### Data extract
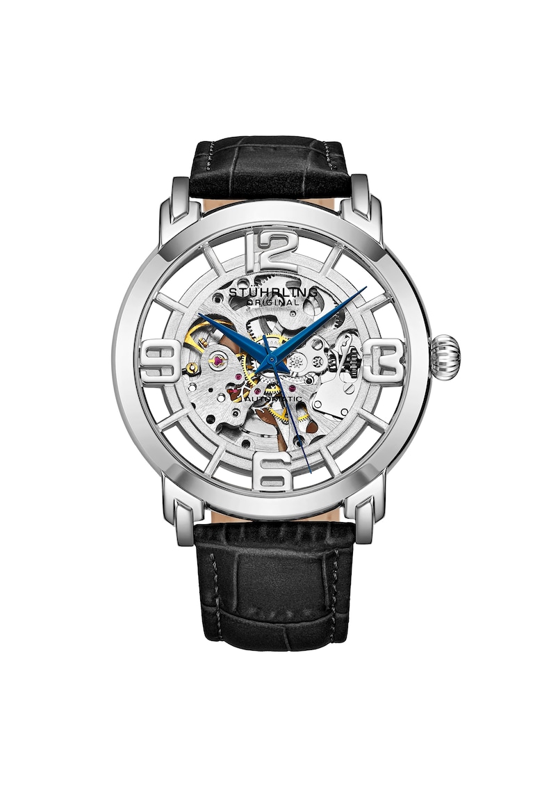 - secunda Rezistenta la apa: 5 atm Detalii: cadran skeleton Cadran Material geam: cristal mineral Tip citire cadran: cifre arabe Carcasa Forma carcasa: rotunda Material carcasa: aliaj Culoare carcasa: argintiu Diametru carcasa: 42 mm Curea/bratara Tip: curea Material curea/bratara: piele naturala Culoare curea/bratara: negru
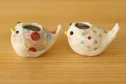 右の子はご売約済みです。信楽の白土を手びねりでとりを作りお花生を作りました。
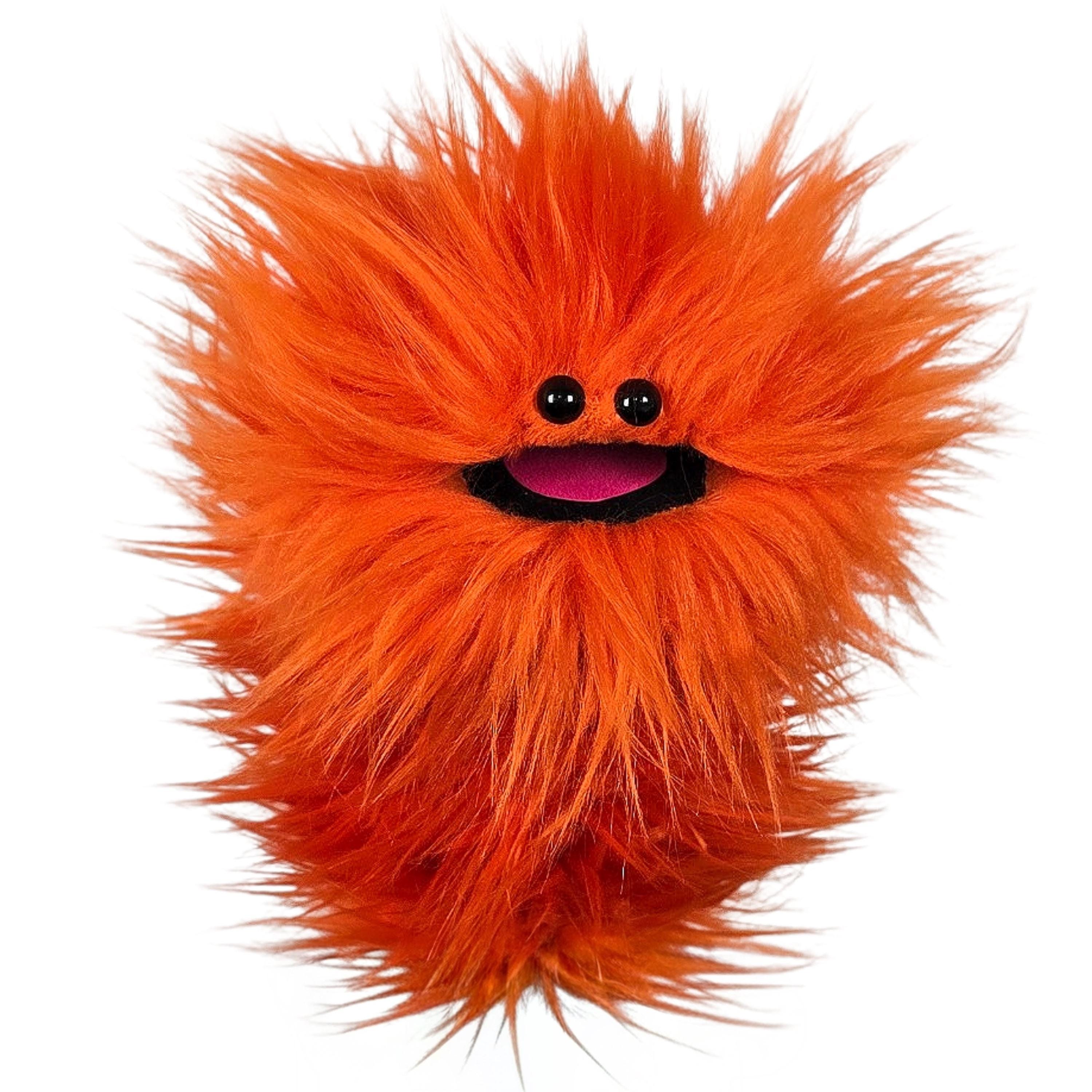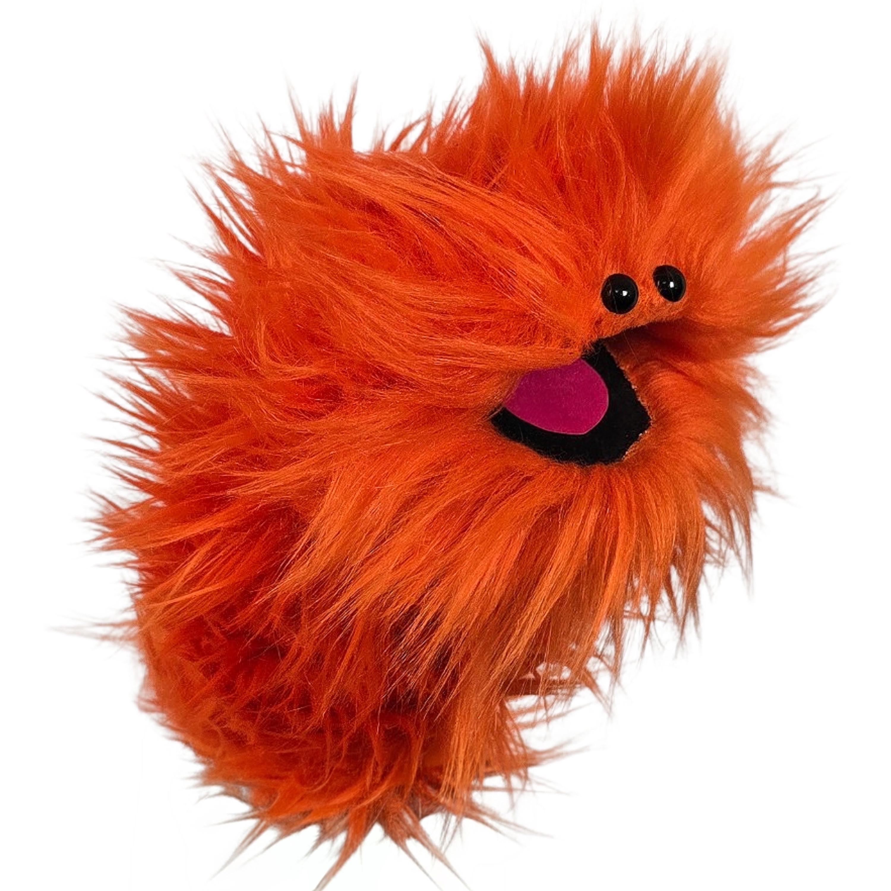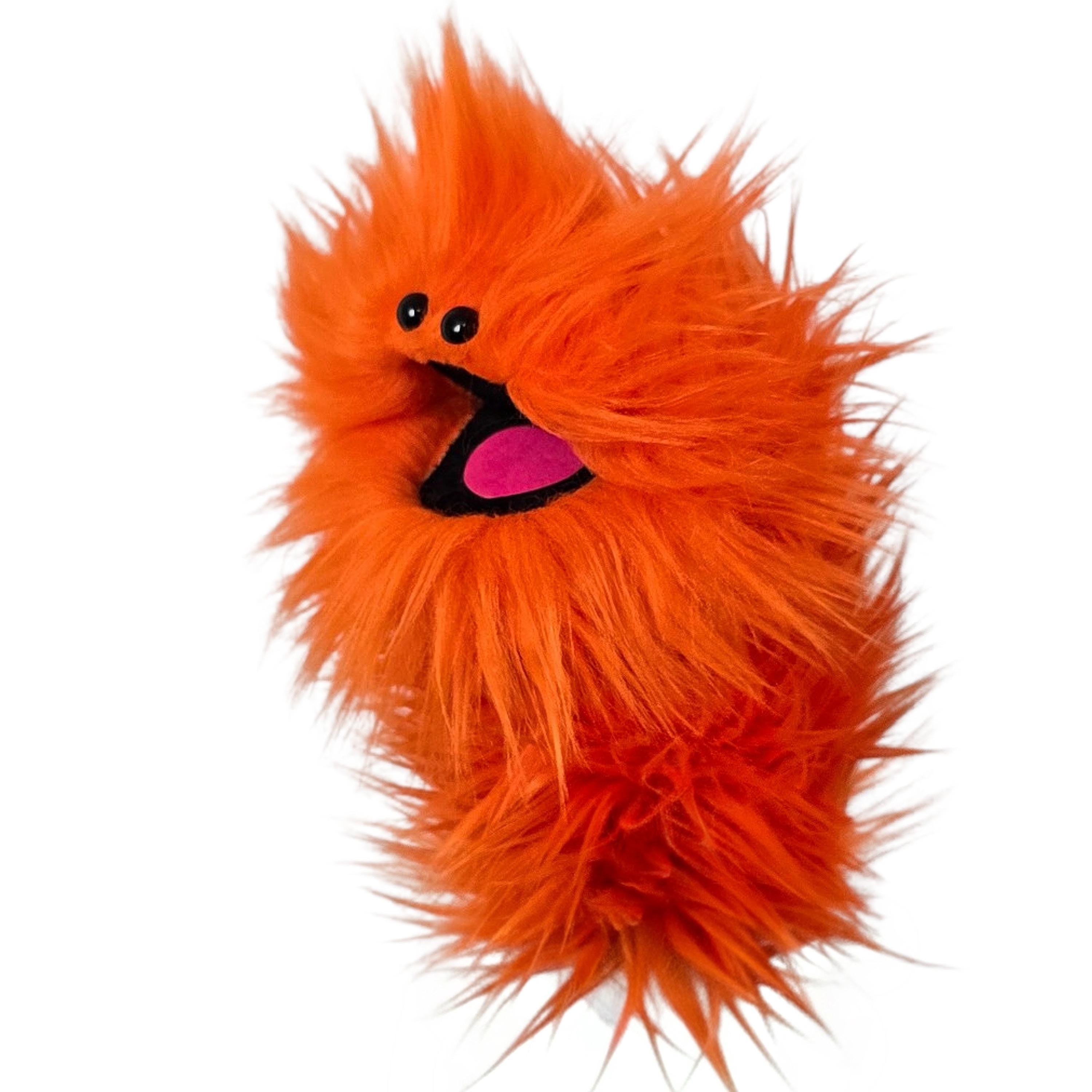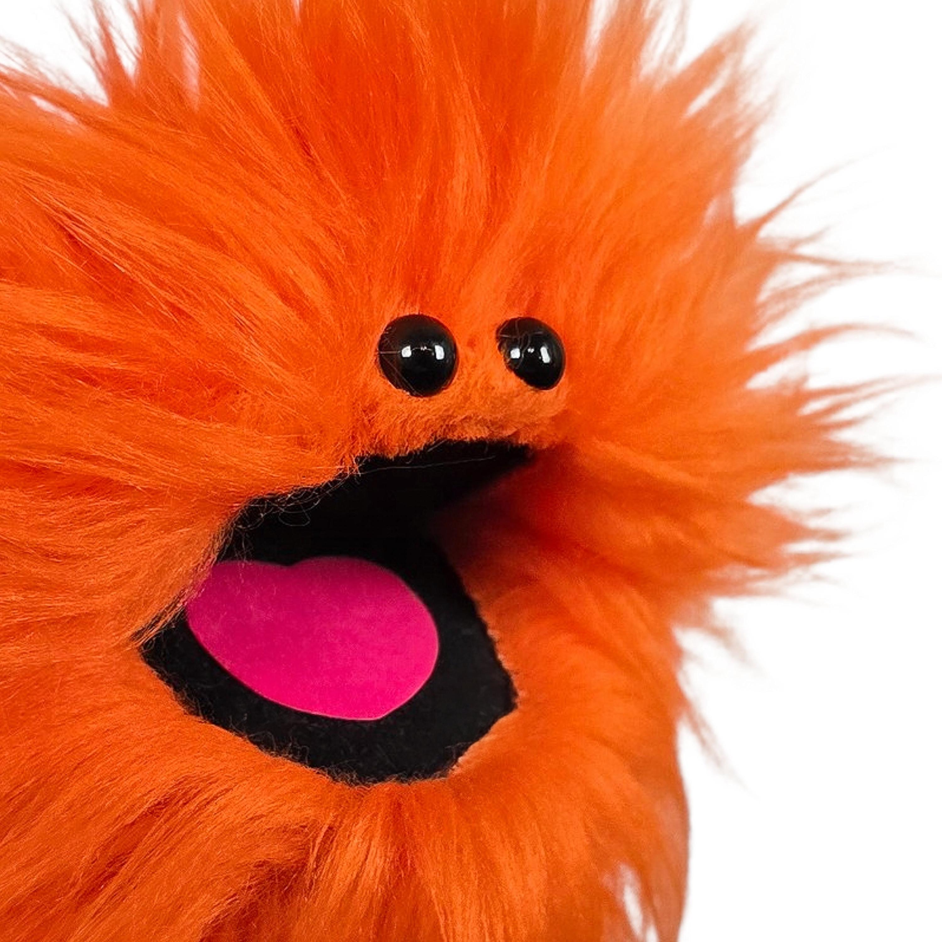 This is a practice puppet of an orange monster with beady eyes. Perfect for puppetry practice!

### Instructions for the task
Leave out the images and copy all remaining data word for word.

### Answer space
 - secunda Rezistenta la apa: 5 atm Detalii: cadran skeleton Cadran Material geam: cristal mineral Tip citire cadran: cifre arabe Carcasa Forma carcasa: rotunda Material carcasa: aliaj Culoare carcasa: argintiu Diametru carcasa: 42 mm Curea/bratara Tip: curea Material curea/bratara: piele naturala Culoare curea/bratara: negru
 右の子はご売約済みです。信楽の白土を手びねりでとりを作りお花生を作りました。
 This is a practice puppet of an orange monster with beady eyes. Perfect for puppetry practice!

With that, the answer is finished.